**Try it:**
Below are some records: retype them all exactly, but not the pictures.

[Items from a dataset]
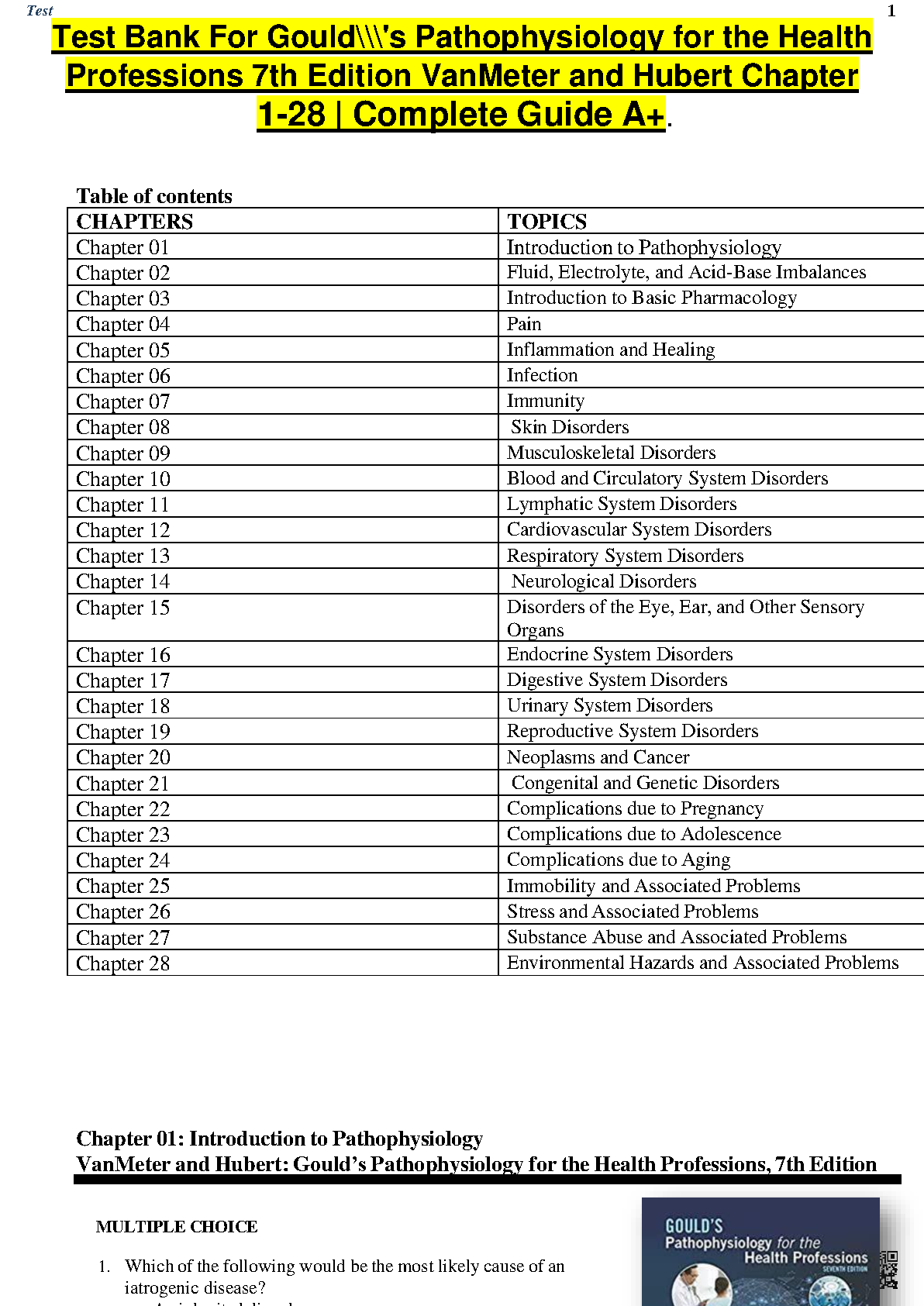 Unlock academic success with the official Test Bank for the 7th Edition of Gould's Pathophysiology for the Health Professions by Karin C. VanMeter and Robert J. Hubert. This comprehensive resource is filled with hundreds of practice questions and detailed answers that cover every chapter, designed to help you master complex concepts and excel in your exams. Elevate your understanding, boost your confidence, and ensure you pass your course on the first attempt with this indispensable study companion.
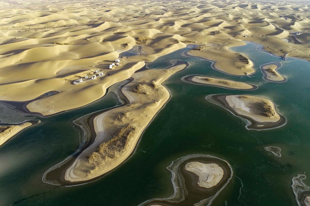 烏海湖由黃河海勃灣水利樞紐蓄水形成,總面積約118平方公里,湖水西接烏蘭布和沙漠,形成眾多各具特色、千姿百態(tài)的沙島,呈現(xiàn)出半湖碧水半湖沙的美麗景色。新華社發(fā)(王正 攝)
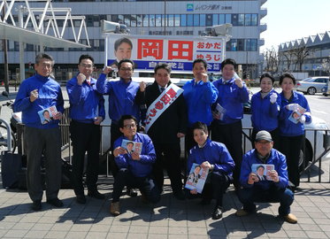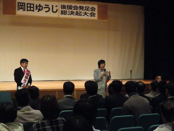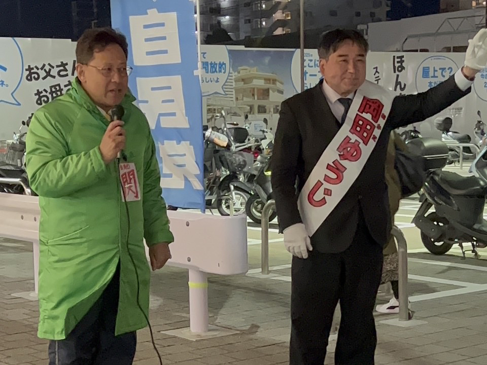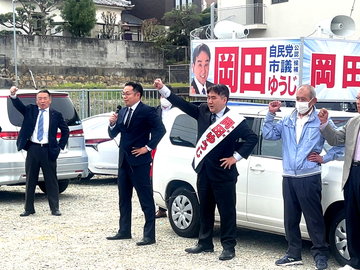 ![]() 出陣式に駆け付けて下さった 奥谷謙一県議、岡毅県議 |
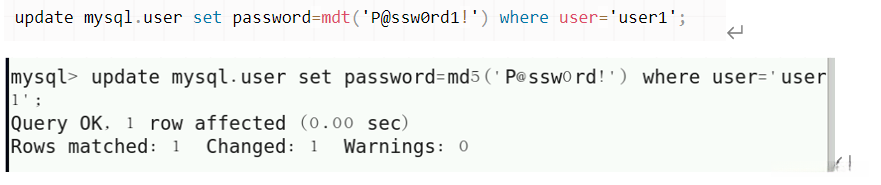 6.使用mysql内置MD5加密函数加密用户user1的密码为(P@ssw0rd1!)。
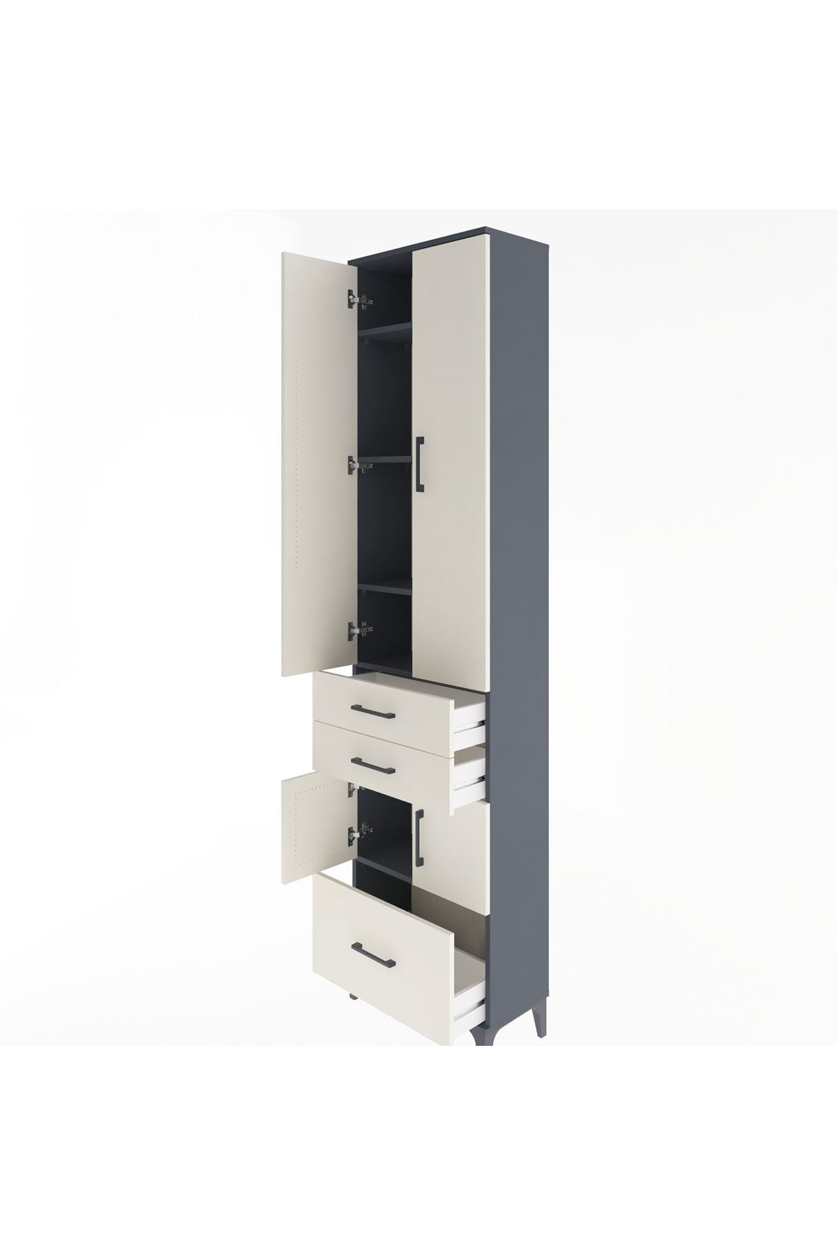 Arges Dolap 5 Raflı 3 Çekmeceli 4 Kapaklı 60x30x243 Antrasit-Aytaşı
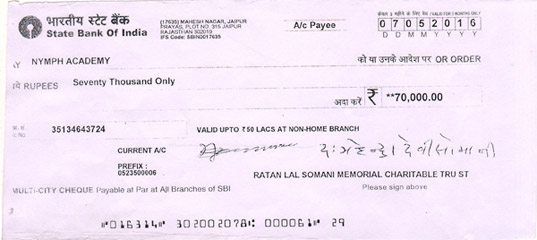 Under guidance of Mrs. Mahendra Devi Somani in memory of her husband late Sh. Ratan Lal Somani to fulfill his dream of social service in the field of health and education. This trust helps needy and poor patients to provide medical facilities at subsidized rates and/or free of cost. The trust is tax exempted under 80G exemption. We appeal to you to donate generously to the trust to serve society by cheque / DD in favor of “Ratan Lal Somani Memorial Charitable Trust” payable at Jaipur. |
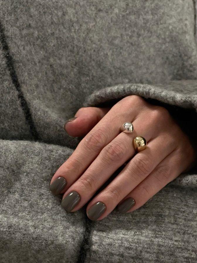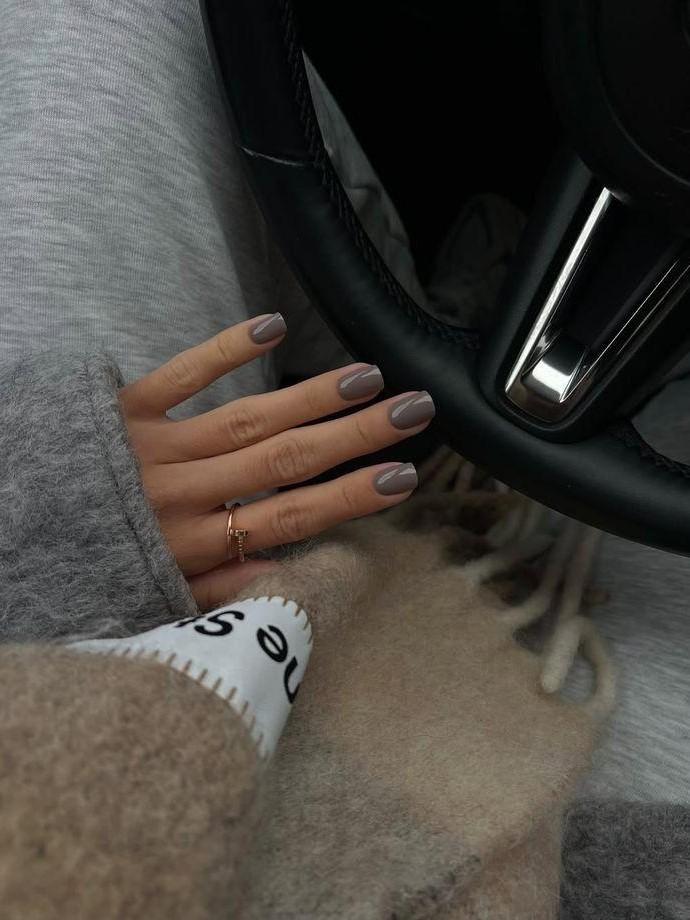 Глубокий, ровный, как полированный камень, графитовый цвет выглядит собранно и уверенно. Это хорошая альтернатива черному, если хочется выразительности, но без жесткости. Он гармонично сочетается с серебряными деталями, матовым или мягким глянцевым покрытием — в зависимости от того, насколько сильного акцента вы хотите. В таком исполнении денежный маникюр на март 2026 будто подчеркивает внутреннюю концентрацию и стремление к контролю, не теряя при этом мягкости.
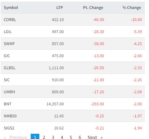 त्यस्तै, लुम्बिनी जनरल इन्स्योरेन्स, सूर्यादय वोमी लघुवित्त, जनरल इन्स्योरेन्स, गुराँस लघुवित्त, सगरमाथा इन्स्योरेन्स, यूनाईटेड इर्दी मर्दी र बोर्टलर्स नेपाल (तराई)का लगानीकर्ताले सर्वाधिक गुमाएक छन् ।
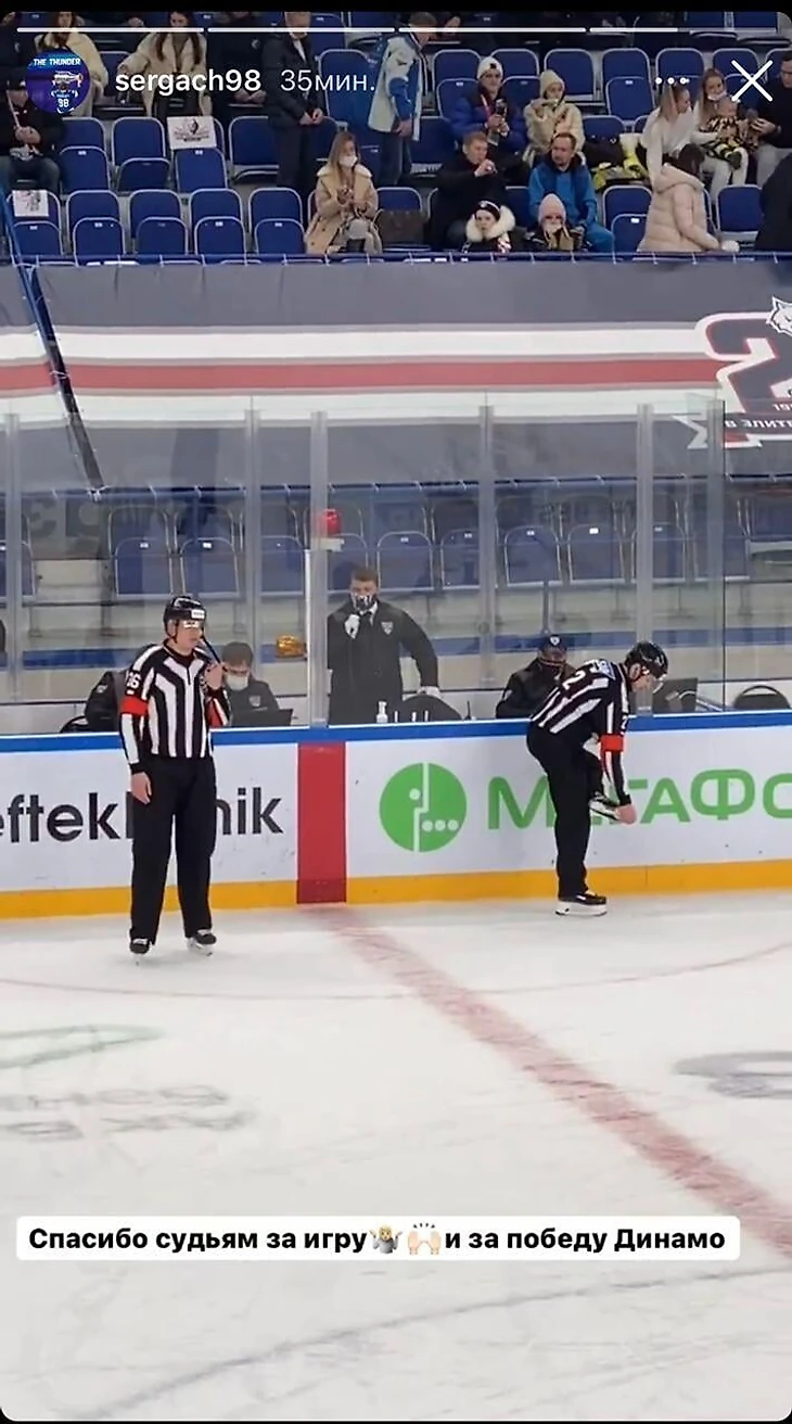 «Спасибо судьям за игру. И за победу «Динамо», – написал хоккеист.
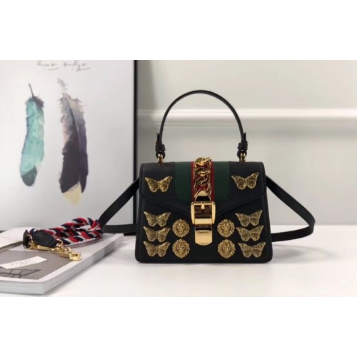 Gucci 470270 Sylvie Animal Studs Leather Mini Bag Black
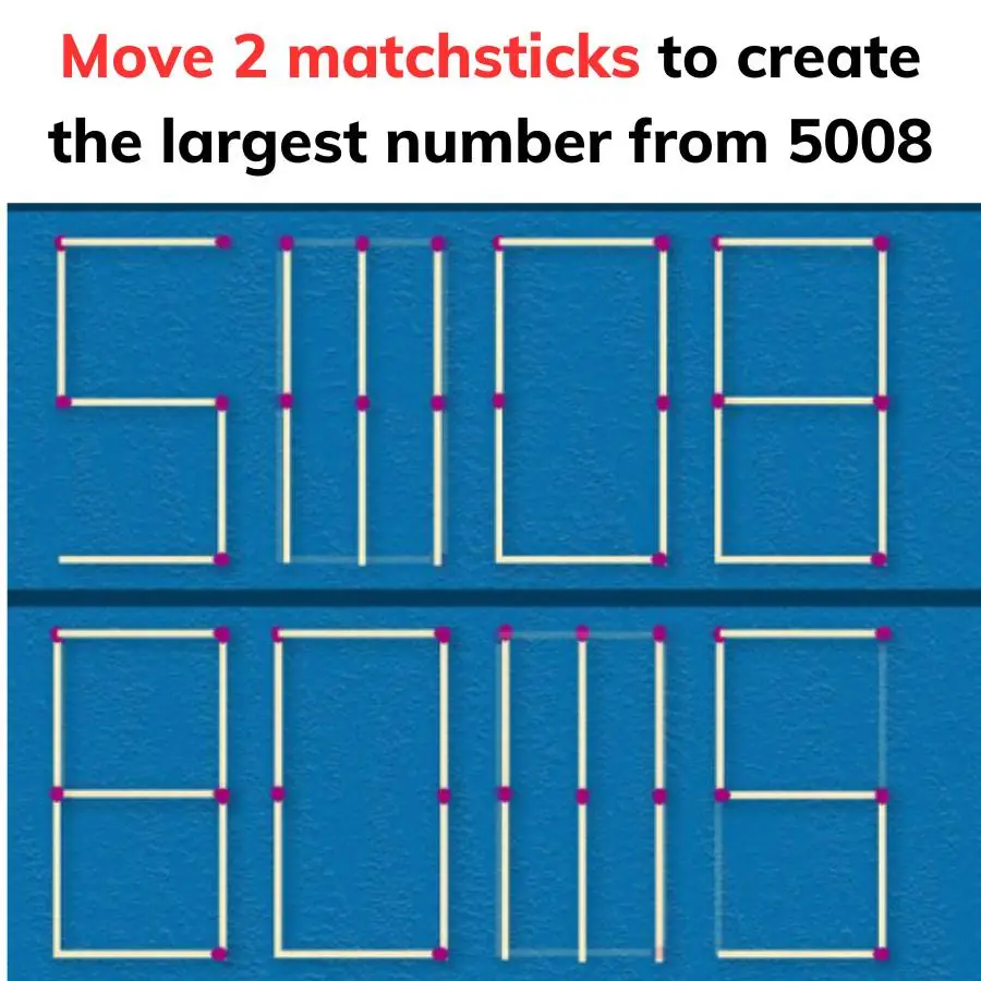 RelaxMove 2 matchsticks to create the largest number from 5008Published: 07/02/2025 16:45| CommentsPhoto: Onplusnews.net1 of 1Answer: very simple, do as shown and you will get the 2 largest numbers. Share this article:More Related StoriesWho is a genius to find the missing number in the following table?Plant these 3 flowers in front of your house to attract wealth and luckI challenge you to find the only mistake in the photoMove 2 matchsticks to create the largest number from 5008

**Answer for the task:**
 Unlock academic success with the official Test Bank for the 7th Edition of Gould's Pathophysiology for the Health Professions by Karin C. VanMeter and Robert J. Hubert. This comprehensive resource is filled with hundreds of practice questions and detailed answers that cover every chapter, designed to help you master complex concepts and excel in your exams. Elevate your understanding, boost your confidence, and ensure you pass your course on the first attempt with this indispensable study companion.
 烏海湖由黃河海勃灣水利樞紐蓄水形成,總面積約118平方公里,湖水西接烏蘭布和沙漠,形成眾多各具特色、千姿百態(tài)的沙島,呈現(xiàn)出半湖碧水半湖沙的美麗景色。新華社發(fā)(王正 攝)
 ![]() 出陣式に駆け付けて下さった 奥谷謙一県議、岡毅県議 |
 6.使用mysql内置MD5加密函数加密用户user1的密码为(P@ssw0rd1!)。
 Arges Dolap 5 Raflı 3 Çekmeceli 4 Kapaklı 60x30x243 Antrasit-Aytaşı
 Under guidance of Mrs. Mahendra Devi Somani in memory of her husband late Sh. Ratan Lal Somani to fulfill his dream of social service in the field of health and education. This trust helps needy and poor patients to provide medical facilities at subsidized rates and/or free of cost. The trust is tax exempted under 80G exemption. We appeal to you to donate generously to the trust to serve society by cheque / DD in favor of “Ratan Lal Somani Memorial Charitable Trust” payable at Jaipur. |
 Глубокий, ровный, как полированный камень, графитовый цвет выглядит собранно и уверенно. Это хорошая альтернатива черному, если хочется выразительности, но без жесткости. Он гармонично сочетается с серебряными деталями, матовым или мягким глянцевым покрытием — в зависимости от того, насколько сильного акцента вы хотите. В таком исполнении денежный маникюр на март 2026 будто подчеркивает внутреннюю концентрацию и стремление к контролю, не теряя при этом мягкости.
 त्यस्तै, लुम्बिनी जनरल इन्स्योरेन्स, सूर्यादय वोमी लघुवित्त, जनरल इन्स्योरेन्स, गुराँस लघुवित्त, सगरमाथा इन्स्योरेन्स, यूनाईटेड इर्दी मर्दी र बोर्टलर्स नेपाल (तराई)का लगानीकर्ताले सर्वाधिक गुमाएक छन् ।
 «Спасибо судьям за игру. И за победу «Динамо», – написал хоккеист.
 Gucci 470270 Sylvie Animal Studs Leather Mini Bag Black
 RelaxMove 2 matchsticks to create the largest number from 5008Published: 07/02/2025 16:45| CommentsPhoto: Onplusnews.net1 of 1Answer: very simple, do as shown and you will get the 2 largest numbers. Share this article:More Related StoriesWho is a genius to find the missing number in the following table?Plant these 3 flowers in front of your house to attract wealth and luckI challenge you to find the only mistake in the photoMove 2 matchsticks to create the largest number from 5008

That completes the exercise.